# the next exotic mammal



## alexwilliamsreptiles (Mar 29, 2008)

Fennec fox, meerkats, kinkajous, coatamundis, egyptian fruit bats, striped skunks, african pygmy hedgehogs, sugar gliders, wallabies, marmosets and for a few years a siberian lynx while a friend went through building of its encloseure...what to keep next?? Does anybody know of any large or interesting species that are relatively easy to get ahold of in the pet trade, I was thinking of getting ahold of something maybe a little more challenging in regards to keeping but I need some inspiration. Space, money, expirience, liscences really arent a problem. Any ideas welcome.


----------



## xxx_phoenix_xxx (Sep 25, 2009)

so you have had all of the above??????????


----------



## x Sarah x (Nov 16, 2007)

Civet, prairie dogs, corsac foxes, exotic squirrels... ?
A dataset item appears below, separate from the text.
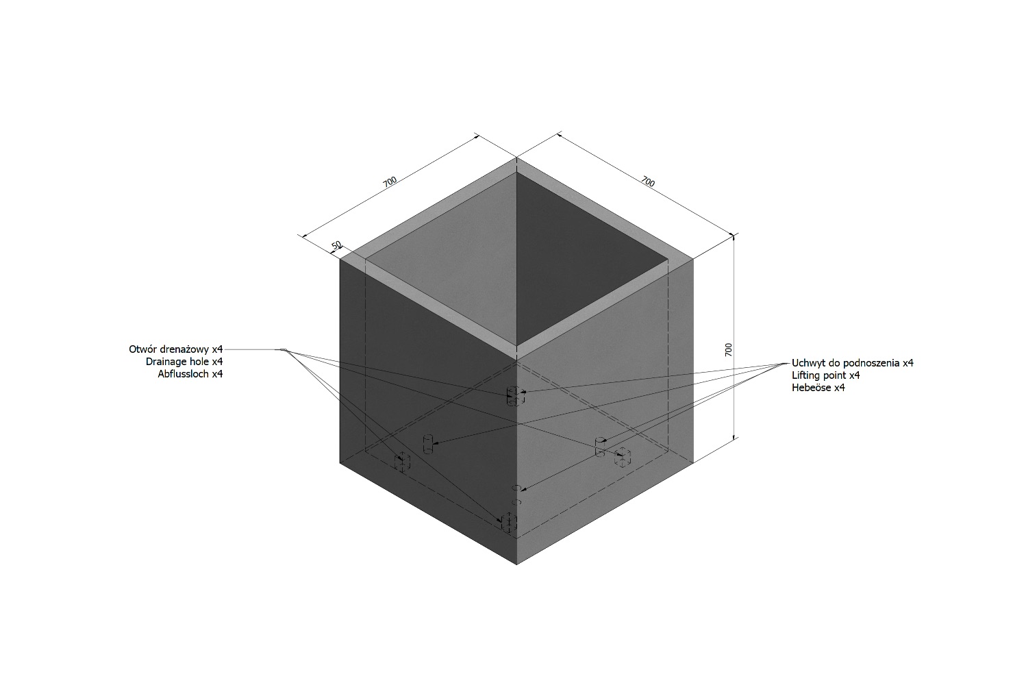 Donica Cubo 70×70×70 to większy sześcian z kolekcji, idealny do tworzenia mocnych akcentów w przestrzeni. Jego proporcje nadają aranżacji stabilności i nowoczesnego charakteru, a duża powierzchnia nasadzeń pozwala na sadzenie krzewów czy grup roślin.

Don't really know whats available, i don't tend look or else i feel bad i can't have them :lol2:


----------



## exoticsadmirer (Oct 22, 2009)

A racoon?


----------



## x Sarah x (Nov 16, 2007)

Oh i forgot, possums :whistling2:


----------



## naja-naja (Aug 26, 2009)

binturong or tamandua?


----------



## moloch gibbon (Aug 12, 2008)

African Bull Elephant?:lol2:


----------



## xxx_phoenix_xxx (Sep 25, 2009)

f:censor: it why not get a blue whale.


----------



## naja-naja (Aug 26, 2009)

serval?


----------



## Basilbrush (Feb 6, 2009)

Cape Genet or Ring-Tailed Cat.

Jules


----------



## alexwilliamsreptiles (Mar 29, 2008)

Now I have been looking into a binturong or corsac fox but throughout every contact cannot seem to find them I have a mate who says that he can get ahold of several DWA species which doesnt concern me, I live in a farm house where I already have highland cattle and a few empty acres of land I'm quite liking the idea of getting something large I have been offered a Brazilian tapir also some big cats, (cheetah, cougar bengal tiger) although the tiger does not appeal to me. Its one hell of a long shot but has anybody kept any of these before? I have experience with a siberian lynx but both the cougar and cheetah are larger, I have had experience with hooved animals when the farm was inhabited by horses and beef cattle but a tapir is needless to say a tad different. Your thoughts please..:2thumb:


----------



## naja-naja (Aug 26, 2009)

i have two forum-buddies, one keeps a tiger, the other a cougar. i'll pm you another forum about exotic cats, dunno if i'm allowed link to other forums on here.


----------



## alexwilliamsreptiles (Mar 29, 2008)

Thanks that would be great!!


----------